Memory registration is "RPCRDMA_ALLPHYSICAL". There are many issues so
far but I do manage to get nfs mount working. Simple file operations
(such as "ls", file read/write, "scp", etc) seem to work as well.
While trying to run iozone to see whether the performance gain can be
justified for the development efforts, the program runs until it
reaches 2MB file size - at that point, RDMA CM sends out
"TIMEWAIT_EXIT" event, the xprt is disconnected, and all IOs on that
share hang. IPOIB still works though. Not sure what would be the best
way to debug this.

Thanks,
Wendy


2013-08-26 13:22:52

by Tom Talpey

[permalink] [raw]
Subject: Re: Helps to Decode rpc_debug Output

On 8/21/2013 11:55 AM, Wendy Cheng wrote:
> On Thu, Aug 15, 2013 at 11:08 AM, Wendy Cheng <[email protected]> wrote:
>> On Thu, Aug 15, 2013 at 5:46 AM, Tom Talpey <[email protected]> wrote:
>>> On 8/14/2013 8:14 PM, Wendy Cheng wrote:
>>>>
>>>> Longer version of the question:
>>>> I'm trying to enable NFS-RDMA on an embedded system (based on 2.6.38
>>>> kernel) as a client. The IB stacks are taken from OFED 1.5.4. NFS
>>>> server is a RHEL 6.3 Xeon box. The connection uses mellox-4 driver.
>>>> Memory registration is "RPCRDMA_ALLPHYSICAL". There are many issues so
>>>> far but I do manage to get nfs mount working. Simple file operations
>>>> (such as "ls", file read/write, "scp", etc) seem to work as well.
>>>
>
> Yay ... got this up .. amazingly on a uOS that does not have much of
> the conventional kernel debug facilities.

Congrats!

> One thing I'm still scratching my head is that ... by looking at the
> raw IOPS, I don't see dramatic difference between NFS-RDMA vs. NFS
> over IPOIB (TCP).

Sounds like your bottleneck lies in some other component. What's the
storage, for example? RDMA won't do a thing to improve a slow disk.
Or, what kind of IOPS rate are you seeing? If these systems aren't
generating enough load to push a CPU limit, then shifting the protocol
on the same link might not yield much.

> However, the total run time differs greatly.

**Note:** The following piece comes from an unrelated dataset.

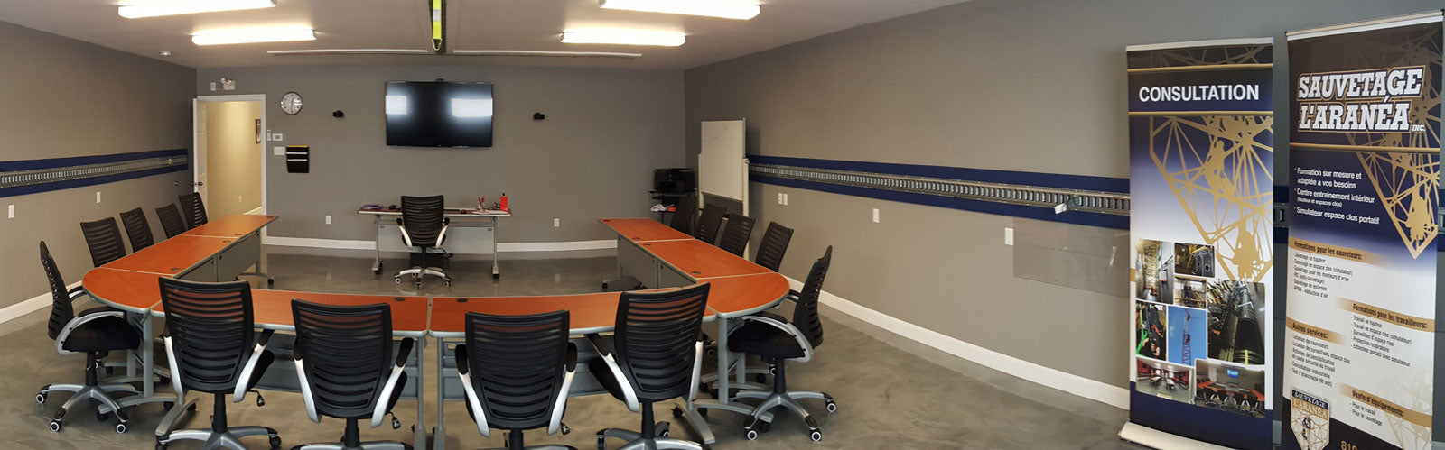 Le domaine de la formation en sauvetage et en santé/sécurité a beaucoup évolué dans les dernières années : nouvelles normes, nouveaux équipements, procédures complexes, etc… Il peut parfois être difficile pour le travailleur de s’y retrouver et de faire le pont entre règlements et réalité terrain. De plus, l’expérience nous a appris qu’il est souvent compliqué de libérer des installations réelles pour l’entrainement des membres d’une brigade. C’est entre autres pour ces raisons que Sauvetage L’Aranéa s’est dotée, d’un centre à la fine pointe de la technologie dans le but d’augmenter son efficacité : des installations polyvalentes et sécuritaires, axées sur le suivi de l’apprenti, sur la création de situations le plus près de la réalité et permettant une efficacité pédagogique sans précédent. Ces installations reflètent notre expérience des 20 dernières années passées dans le domaine du sauvetage et de la sécurité industrielle en général : 5 échelles fixes pour le sauvetage en éolienne, installations permanentes permettant plus d’une quarantaine de scénarios différents en espace clos, différentes entrées adaptables en fonction de la réalité de votre terrain, ancrages permanents pour la réalisation de montage de sauvetage en hauteur, montages métalliques pour la sauvetage sur structure d’acier, simulateur de cales de navire, APRIAs, système d’adduction d’air, mannequins de pratique, panoplie complète d’équipements de sauvetage, et beaucoup plus. Entre autres, le centre est équipé de 4 téléviseurs grand format et de 42 caméras vision de nuit permettant aux instructeurs et aux apprentis de suivre les moindres faits et gestes des étudiants en simulation à l’intérieur des espaces clos, ce qui ajoute grandement au suivi pédagogique de vos équipiers, ainsi qu’à la sécurité de tous et chacun. Nous sommes également en mesure d’accueillir jusqu’à 2 groupes de 18 étudiants à la fois dans notre nouvelle annexe dédiée aux cours théorique. En outre, notre cuisine fonctionnelle permet aux utilisateurs de prendre leur repas sur place, ce qui limite les déplacements e, par conséquent, favorise l’efficacité et le rendement d’une journée de formation. Jusqu’à présent, plus de 4000 personnes ont suivi une formation à nos locaux. Unique en son genre au Québec, nous croyons que notre école, jumelée à notre expertise, représente le meilleur endroit pour la réalisation d’une formation sécuritaire, enrichissante et intense pour le travailleur ou le sauveteur qui recherche à atteindre son plein potentiel. Situé au 2441 Route Lupien à Ste-Angèle-de-Prémont, le centre se trouve à mi-chemin entre Montréal et Québec. N’hésitez pas à venir nous visiter!

NFS
> over RDMA seems to take a much longer time to finish (vs. NFS over
> IPOIB). Not sure why is that .... Maybe by the constant
> connect/disconnect triggered by reestablish_timeout ? The connection
> re-establish is known to be expensive on this uOS.

Um, yes, of course. Fix that before drawing any conclusions.

Tom.

2013-08-21 15:55:50

by Wendy Cheng

[permalink] [raw]
Subject: Re: Helps to Decode rpc_debug Output

On Thu, Aug 15, 2013 at 11:08 AM, Wendy Cheng <[email protected]> wrote:
> On Thu, Aug 15, 2013 at 5:46 AM, Tom Talpey <[email protected]> wrote:
>> On 8/14/2013 8:14 PM, Wendy Cheng wrote:
>>>
>>> Longer version of the question:
>>> I'm trying to enable NFS-RDMA on an embedded system (based on 2.6.38
>>> kernel) as a client. The IB stacks are taken from OFED 1.5.4. NFS
>>> server is a RHEL 6.3 Xeon box. The connection uses mellox-4 driver.
>>> Memory registration is "RPCRDMA_ALLPHYSICAL". There are many issues so
>>> far but I do manage to get nfs mount working. Simple file operations
>>> (such as "ls", file read/write, "scp", etc) seem to work as well.
>>

Yay ... got this up .. amazingly on a uOS that does not have much of
the conventional kernel debug facilities.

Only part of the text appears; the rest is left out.